How to Make Curried Chicken Soup
This soup recipe is ready from start to finish in about 45 minutes. It doesn’t take long to simmer, so this is a great meal to make for when you need dinner on the table, but you can’t be bothered to stand in front of the stove for an hour stirring.
More Soup Recipes
Here are a few more of my favorite healthy soup recipes here on Randa Nutrition:
- Instant Pot Southwest Chicken Soup
- Chicken Stuffed Pepper Soup (Stovetop & Instant Pot)
- Healthy Kale and Sausage Soup
- Red Curry Potato Leek Soup
Curried Chicken Soup
- 2 tablespoons olive oil
- 1 small yellow onion diced (about 1 cup)
- 2 medium carrots diced (about ½ cup)
- 2 celery stalks diced (about ½ cup)
- 2 garlic cloves peeled and minced
- 1 inch ginger root peeled and minced (about 1 tablespoon)
- 1 cup sliced mushrooms
- 4 teaspoons curry powder
- 1 teaspoon turmeric
- ¼ teaspoon cayenne pepper
- 1 pound boneless skiness chicken breasts
- 4 cups bone broth
- 1 14oz can petite diced tomatoes 14.50 ounces
- 1 14oz can coconut milk 13.66 ounces
- 1-2 cups spinach or kale torn, stems removed
- 2 tablespoons lime juice
- ½ teaspoon salt
- ½ teaspoon black pepper
- Cilantro scallions, or basil to garnish
- Heat olive oil in a Dutch oven or stock pan over medium heat.

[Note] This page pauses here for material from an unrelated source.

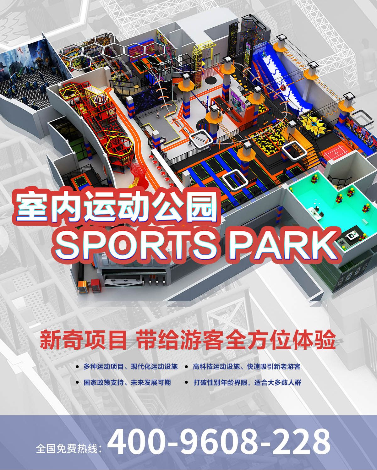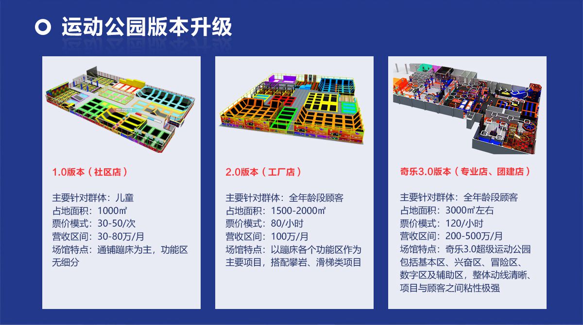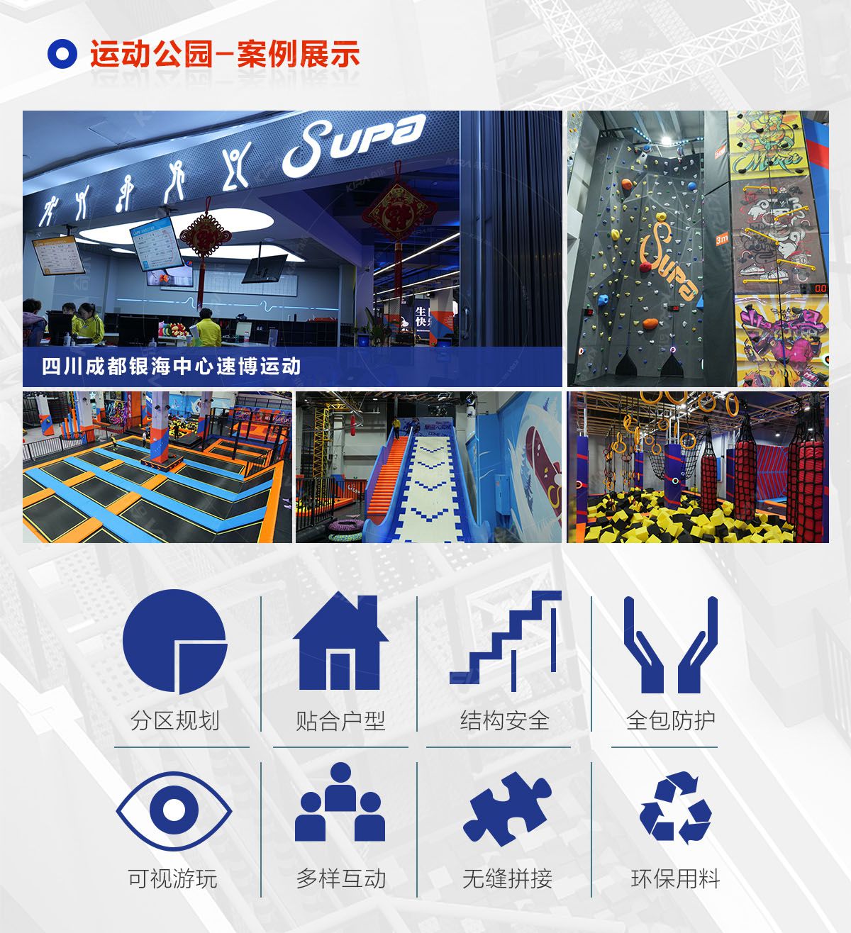 超級運動公園源自美國,以業態分布劃分,可分為成人娛樂版塊、兒童娛樂版塊、潮流科技及輔助配套四大功能版塊;以運動程度劃分,可分為基本區、興奮區、冒險區、數字科技區、輔助區。適合全年齡段玩家參與娛樂,打破年齡、性別、愛好等限制,為大眾呈現一幅“快樂運動 有氧生活”的精彩運動娛樂公園。 高格調與國際接軌的優質項目,引領玩家突破常規的運動局限,體驗全新的運動嘉年華:自由蹦床區、跑酷區、躲避球PK區、灌籃區、AIR BAG跳躍區、粘粘墻、背摔臺、奧運蹦床區、海綿坑、忍者沖關、飛狐塔、滑索、彈跳迷宮、魔鬼滑梯、旱雪滑梯、拓展攀爬、創意攀巖、抱石攀巖、極限跳躍、天空漫步、梅花樁、冒險塔、科技互動類等三十余種項目。

- Add the onions, carrots, and celery and cook until soft and the onions are translucent, 3-4 minutes,
- Add garlic, ginger, and mushrooms and cook an additional minute. Then add the curry powder and turmeric. Cook until fragrant, about 1 minute.
- Add the chicken, bone broth, coconut milk, and tomatoes. Bring to a boil, then reduce to low heat. Cover and simmer for 20-25 minutes.
- Remove the chicken and shred. Place the chicken back into the soup, along with the spinach or kale, and cook until the spinach/kale is wilted.
- Add lime juice, salt, and pepper before serving.